Сразу после того как дедушку закопали, все вернулись к бабушке домой и ели. И пили. Много ели и много пили. Потом ещё много ели и много пили на девятый день после того, как дедушки не стало, и на сороковой. Причём каждый раз ели и пили всё менее торжественно, потому что всем уже стало лень прикидываться про страшное горе. Потому что, когда умирает старый человек, – это совсем не страшное горе, как можно было судить из разговоров этих много евших и пивших. Они говорили, что «дай бог всем так!» и что дедушка прожил длинную и хорошую жизнь. Что-то там про его заслуги, и так далее. Чем больше все ели и пили, тем больше всякого про дедушку говорили. Что, мол, характер у него был не сахар. И что старик был тем ещё пряником и что, кроме кнута, никакой другой тактики по отношению к родным и близким не признавал (не знаю, о чём это они, потому что дедушка не то что кнутом, а даже просто рукой никогда никого не ударил). Вот так поучаствуешь в похоронах и поминках, когда тебе четырнадцать, и как-то сразу не очень хочется любить людей. Наверное, потому что в четырнадцать лет ещё не так много ешь и не так много пьёшь. И слушаешь их, наевшихся и напившихся, в совершенно сохранённом, нерасплывшемся от еды и питья, состоянии сознания. И всё чаще, с того самого первого дня, когда дедушкин труп закопали, стала всплывать тема неоставленного завещания. Стала она всплывать между мамой и тётей Олей. А бабушка молчала. Хотя и мама, и тётя Оля именно к ней и обращались со своей всплывшей между ними темой завещания.
По закону, если кто-то умер, не оставив завещания, всё, что у него было, – остаётся самому родному ему человеку. И по закону самым родным человеком является жена. В том случае, если умер муж.
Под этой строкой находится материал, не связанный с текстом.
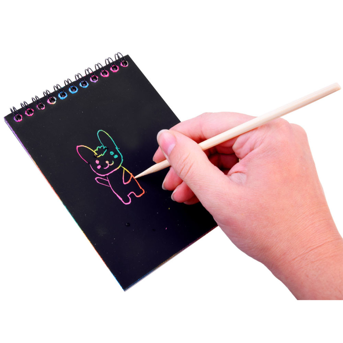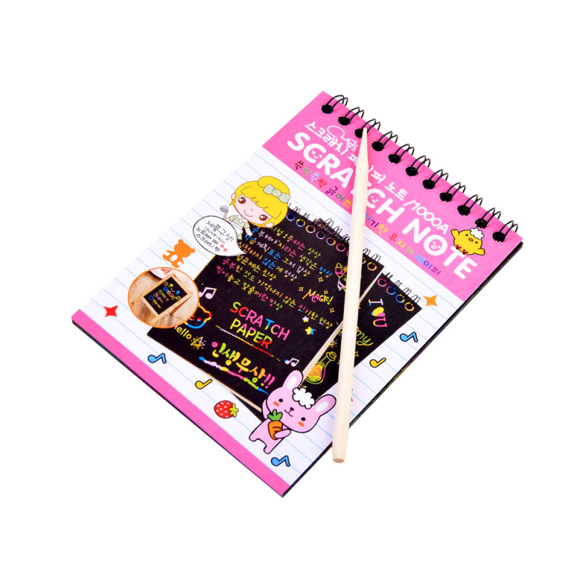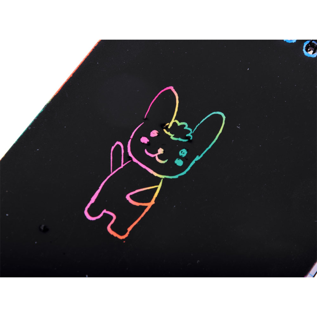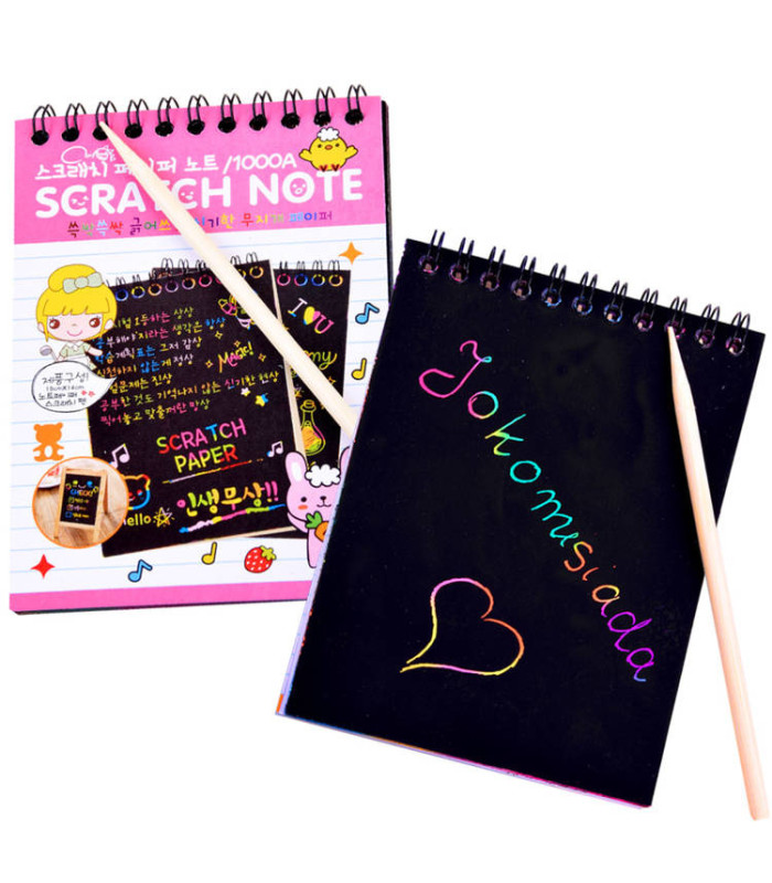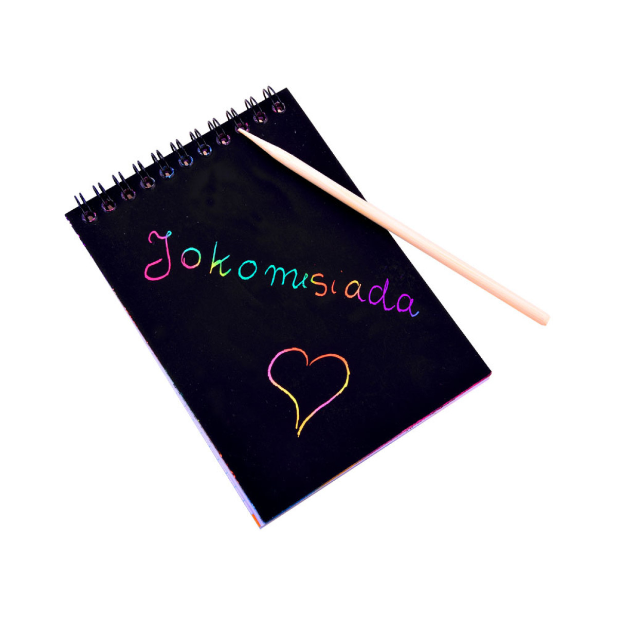 Spalvingas, vaivorykštinis bloknotas, patogioje A6 formoje su 10 lapų, suteiks vaikams kūrybišką laiką. Bloknotas su juodais lapais slepia magišką foną, kurį atskleisti galima naudojant medinį rysiką. Tiesiog nutrinkite norimą piešinį ar raštą ir pamatysite nuostabų vaizdą. Vaikų kūrybiškumas neturi ribų, tad žaidimas su šiuo magišku bloknotu tikrai bus sėkmingas!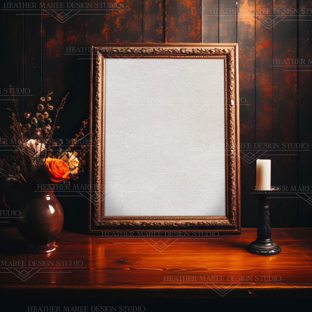 Embark on an exploration of design sophistication with this unique mockup, featuring a singular vertical bronze picture frame adorning an antique wood table within a room steeped in a moody rustic autumn aesthetic. Deliberately crafted with meticulous attention to detail, our mockups proudly unveil a functional 1x1 aspect ratio, seamlessly merging with your artistic projects. Infused with a wealth of creative expertise, these designs promise an authentic, professional, and polished presentation every time, beckoning you to elevate your creative vision with sophistication and style.
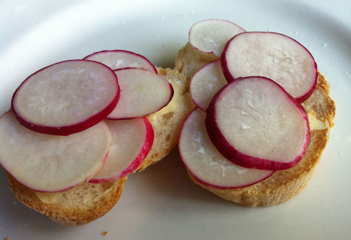 There’s no better way to enjoy radishes plucked fresh from the garden than on buttered white bread with a sprinkling of salt.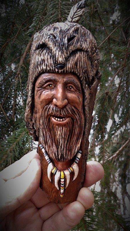 Sculpture: Wood Spirit Carving American Cabin Art Western Old Mountain Man By Jd Rogers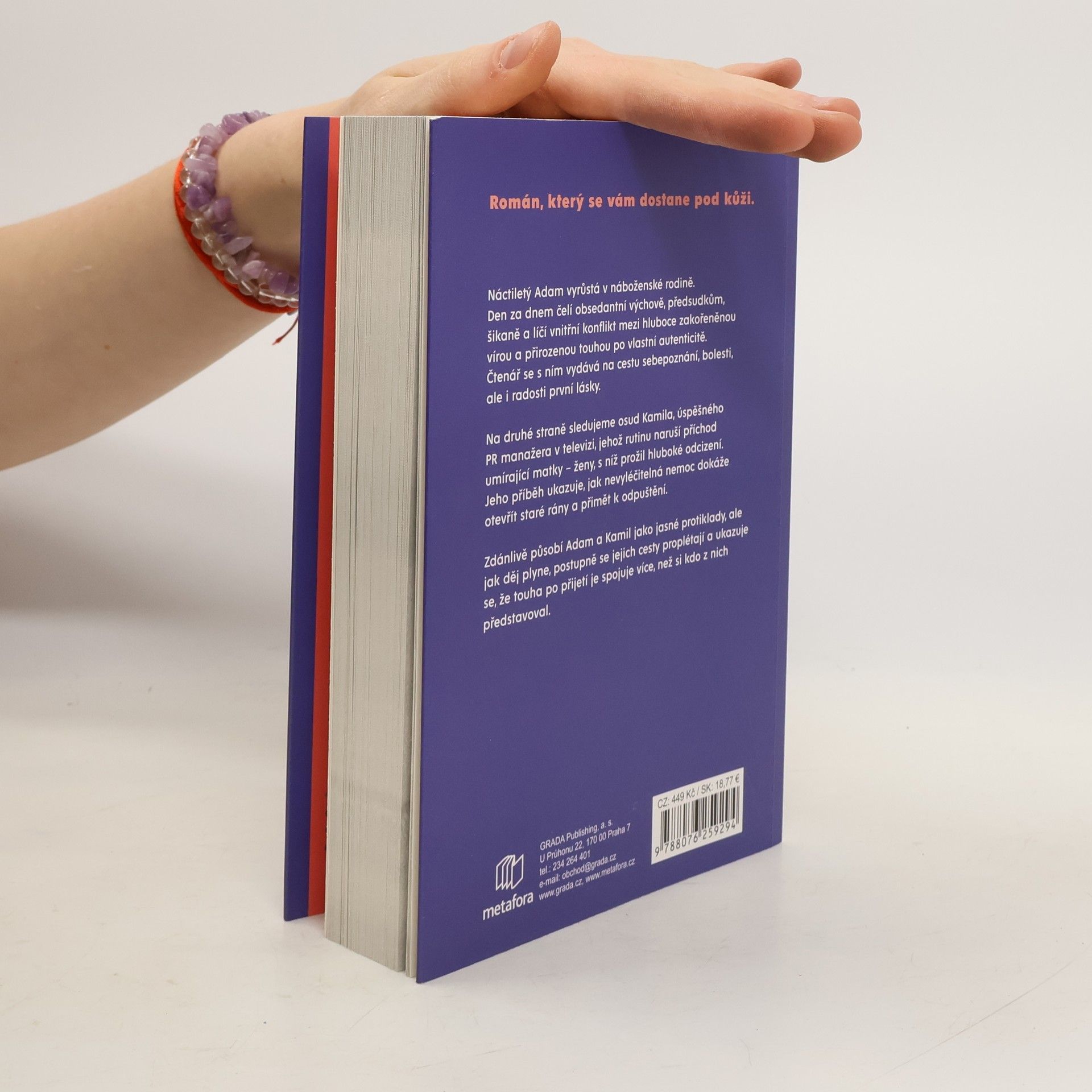Náctiletý Adam vyrůstá v náboženské rodině. Den za dnem čelí obsedantní výchově, předsudkům, šikaně a líčí vnitřní konflikt mezi hluboce zakořeněnou vírou a přirozenou touhou po vlastní autenticitě. Čtenář se s ním vydává na cestu sebepoznání, bolesti, ale i radosti první lásky. Na druhé straně sledujeme osud Kamila, úspěšného PR manažera v televizi, jehož rutinu naruší příchod umírající matky – ženy, s níž prožil hluboké odcizení. Jeho příběh ukazuje, jak nevyléčitelná nemoc dokáže otevřít staré rány a přimět k odpuštění. Zdánlivě působí Adam a Kamil jako jasné protiklady, ale jak děj plyne, postupně se jejich cesty proplétají a ukazuje se, že touha po přijetí je spojuje více, než si kdo z nich představoval.

Дедушка был бабушкиным мужем, и значит, всё, что от него осталось, – теперь, после его смерти, принадлежит бабушке. Я считаю, что это очень правильно. Потому что ни родителей, ни детей мы не выбираем. Единственные родные и близкие люди, которых мы вольны приобретать по собственному желанию, – это как раз жена (если ты мужчина) и муж (если ты женщина). Мы, люди, выбираем себе мужа или жену только потому, что мы их любим. А вовсе не потому, что обязаны любить, как я обязана любить, например, своего двоюродного брата-дурака. Я его обязана любить – но не люблю. И вот эта вот обязанность постоянно довлеет надо мною, принося мне по жизни кучу неприятностей, как чисто бытового, так и исключительного душевного свойства. А с мужем и женой мы, люди, любим друг друга просто потому, что любим, а не потому, что обязаны. Но эти свои мысли, как и подавляющее большинство своих мыслей, я никому не озвучивала и озвучивать не собиралась. А мама и тётя Оля тем временем говорили бабушке, что она срочно должна написать завещание. То есть сначала вступить в права наследования, а потом написать завещание.
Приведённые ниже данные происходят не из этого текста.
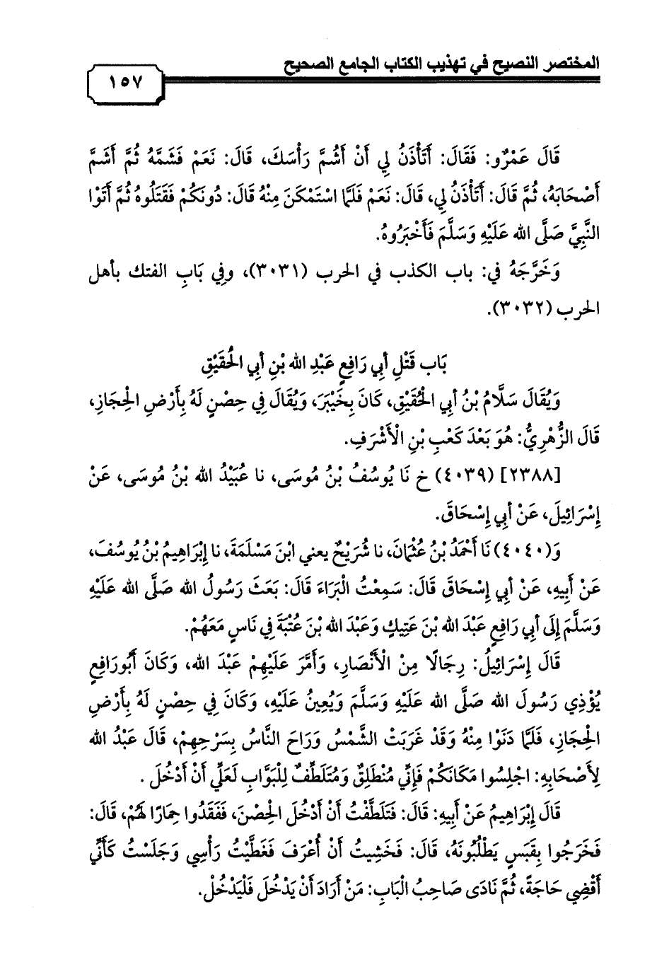 وَ (4040) نَا أَحْمَدُ بْنُ عُثْمَانَ, نا شُرَيْحٌ يعني ابْنَ مَسْلَمَةَ, نا إِبْرَاهِيمُ بْنُ يُوسُفَ, عَنْ أَبِيهِ, عَنْ أبِي إِسْحَاقَ قَالَ: سَمِعْتُ الْبَرَاءَ قَالَ: بَعَثَ رَسُولُ الله صَلَّى الله عَلَيْهِ وَسَلَّمَ إِلَى أبِي رَافِعٍ عَبْدَ الله بْنَ عَتِيكٍ وَعَبْدَ الله بْنَ عُتْبَةَ فِي نَاسٍ مَعَهُمْ.

Завещание – это не простая бумага про то, что ты завещаешь своё имущество кому хочешь, кому считаешь нужным или тому, кого любишь, в конце концов. Завещание – это бумага сложная. Её надо оформить по правилам у специального человека, знающего эти правила (нотариуса). И на этой сложной завещательной бумаге должны стоять твоя подпись, подписи свидетелей, подпись нотариуса и печать. И только тогда такая бумага является законной. Это всё я уже позже узнала. А тогда, когда мама и тётя Оля прессинговали бабушку про «написать завещание», – я этого не знала. И очень удивлялась, почему ни маму, ни тётю Олю не устраивает бабушкин ответ: «Господи, вы же родные сёстры! Поделите всё поровну безо всяких завещаний!» Мне, как и бабушке, это казалось справедливым и, значит, логичным. Действительно, если вы родные сёстры, что вам мешает просто-напросто поделить между собой всё поровну. Тем более что «всё» в данном случае – дом. До недавнего времени бывший бабушкиным и дедушкиным домом. А теперь, после его смерти, ставший домом только бабушкиным. И дом этот очень легко делится поровну – потому что он как был домом всех, так им, в общем-то, и остался. Так думала бабушка и так думала я. Но мои мысли по этому поводу никого не интересовали, как никого (и никогда!) не интересуют мысли четырнадцатилетних.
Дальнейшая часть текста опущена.